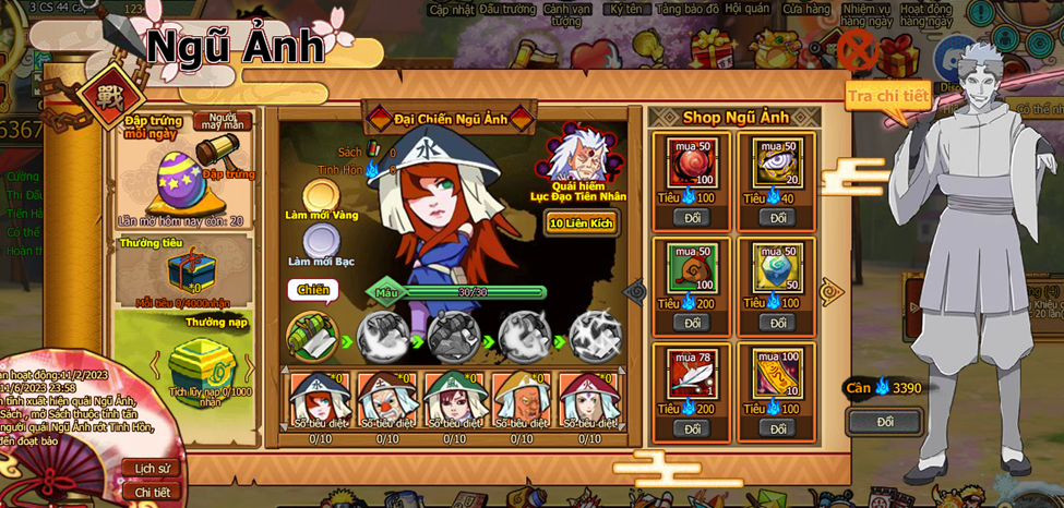 7. ở [Shop Ngũ Ảnh] tiêu [Tinh hồn] đổi các loại đạo cụ, và Ninja mới [Otsutsuki Urashiki] đợi bạn chiêu mộ.
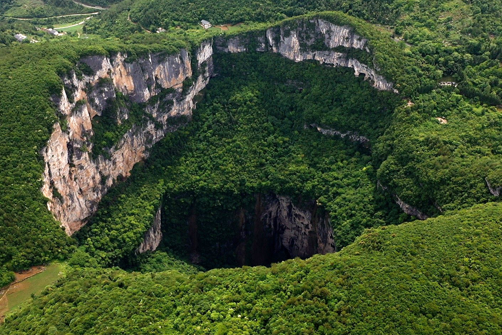 현재까지 알려진 싱크홀 중 가장 깊은 곳입니다. 티앤컹은 현지어로 '천상의 구덩이' 또는 싱크홀을 뜻합니다. 샤오자이 싱크홀은 깊이 662m, 너비 626m입니다.
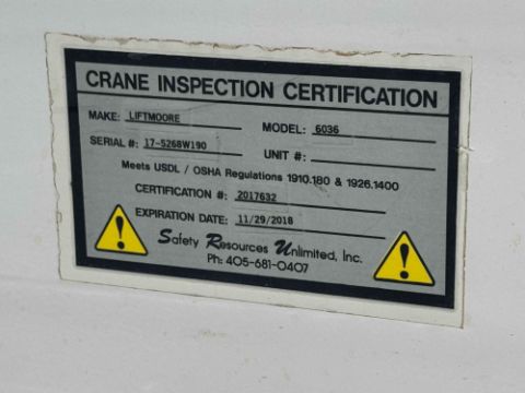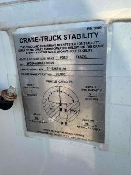 V8 6.7L Diesel engine, A/T, 4x4, Liftmoore 6036 Crane w/ 22ft. max lift height & 6000lb. max lift capacity S/N: 175268W190, Vanair 5kW 20CFM Contractor, 275793 miles, VIN: 1FD0X4HT4HEE98926
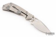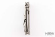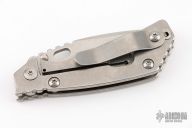 This PT by Mick Strider features a stonewashed blade with notched thumbrest and thumbhole. The handle has a stonewashed titanium frame with matching tip up clip. New condition.
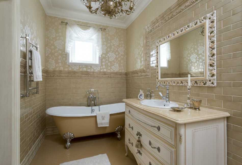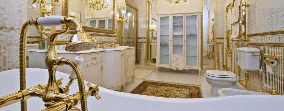 Традиционно в классическом стиле используются ванны овальных форм со слегка завышенными спинками. Модные бочки или же прямоугольные модели для такого интерьера не подойдут категорически. Дополняют ванну медными или позолоченными изогнутыми ножками. Они могут иметь изящную форму или быть выполнены в виде сидящих львов, тигров, цветов, ракушек, миниатюрных статуэток, поддерживающих на плечах «чашу». Если площадь комнаты позволяет (более 12 кв.м.), то ванну располагают в центре. Оригинальное решение позволит владельцам почувствовать себя особами голубых кровей, которые имеют в своем распоряжении поистине королевские апартаменты для проведения гигиенических процедур. Кстати, стильным дополнением станет изящный кувшин, выполняющий в большей степени декоративную функцию. Также ванну украшают мозаикой. Конечно для декорирования используют не кусочки разноцветных стекол. В ход идет современная керамическая плитка, которую укладывают в мозаичной технике.
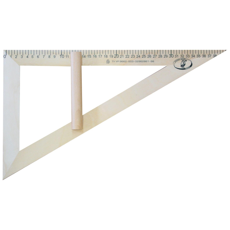 Угольник классный изготовлен из твердолиственных пород древесины. Лакированная поверхность. Незаменимый помощник учителя геометрии, алгебры, физики, имеет ручку для удобства черчения на вертикальной или наклонной школьной доске. Длина шкалы 400 мм. Угольник с прямым углом, 30°, и 60°. Выпускается с 1975 года.
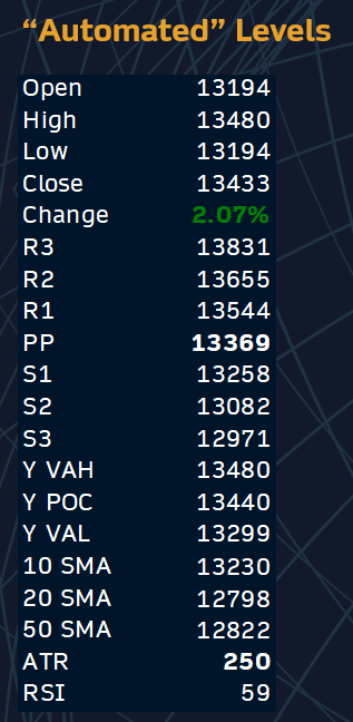•Bigger Picture thoughts and targets: 13445-13527 is a big area of resistance.
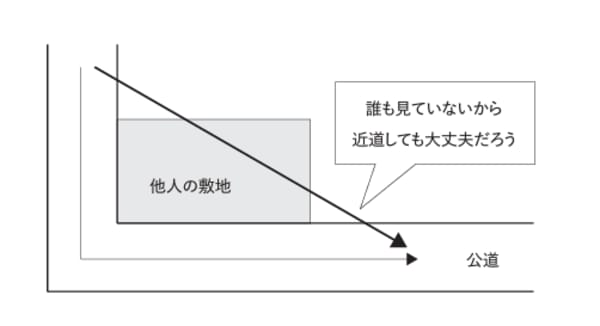 決められた経路では遠回りになり面倒なので、時間と労力節約のためにリスクを冒して、道路ではない他人の敷地に立ち入り、近道をするというのが典型です。〈図6〉
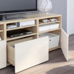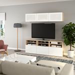 Особенности «BESTÅ БЕСТО Шкаф для ТВ, комбинированный, стекляные дверцы – под беленый дуб/Сельсвикен глянцевый, белый матовое стекло 180x42x192 см» отмеченные производителем IKЕА:
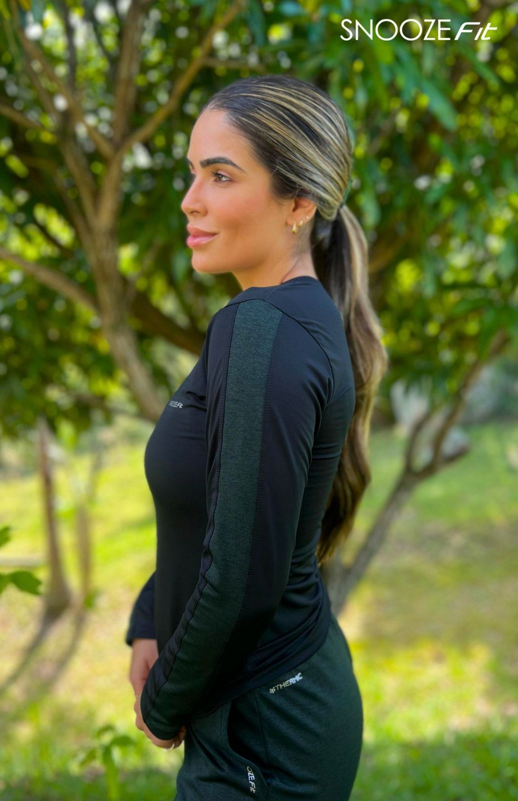 Com tecido tecnológico de toque macio e recortes estratégicos que valorizam o corpo, é uma peça coringa para looks fitness ou casuais no outono/inverno.
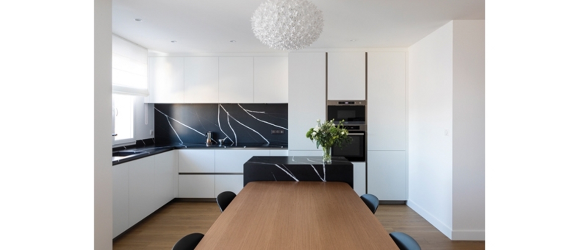 Dans l’espace de vie, souffle un vent de modernité qui offre des proportions généreuses alliant design et matières chaleureuses. La cuisine est résolument élégante et contemporaine avec des façades blanches et un plan de travail avec une ligne graphique qui apporte du caractère et se marie avec la table en bois.
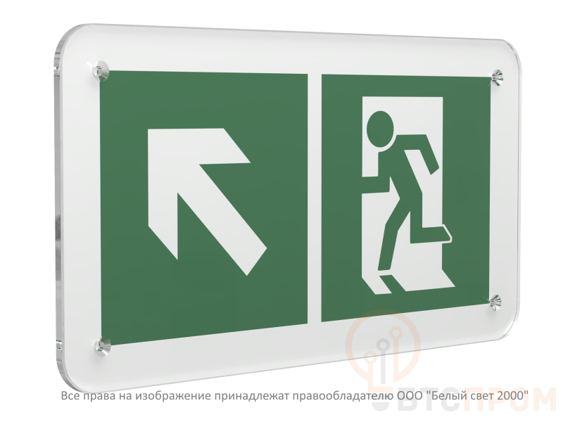 - Дизайн: Четкое графическое изображение бегущего человека и стрелки, направленной налево и вверх, в соответствии с ГОСТ Р 12.4.026-2015 и международными нормами.

*Task item*:
Each line from the one holding "БЕСТО Шкаф для" through the last line of the records above must be duplicated exactly, and pictures must not be.

*Task answer*:
 Особенности «BESTÅ БЕСТО Шкаф для ТВ, комбинированный, стекляные дверцы – под беленый дуб/Сельсвикен глянцевый, белый матовое стекло 180x42x192 см» отмеченные производителем IKЕА:
 Com tecido tecnológico de toque macio e recortes estratégicos que valorizam o corpo, é uma peça coringa para looks fitness ou casuais no outono/inverno.
 Dans l’espace de vie, souffle un vent de modernité qui offre des proportions généreuses alliant design et matières chaleureuses. La cuisine est résolument élégante et contemporaine avec des façades blanches et un plan de travail avec une ligne graphique qui apporte du caractère et se marie avec la table en bois.
 - Дизайн: Четкое графическое изображение бегущего человека и стрелки, направленной налево и вверх, в соответствии с ГОСТ Р 12.4.026-2015 и международными нормами.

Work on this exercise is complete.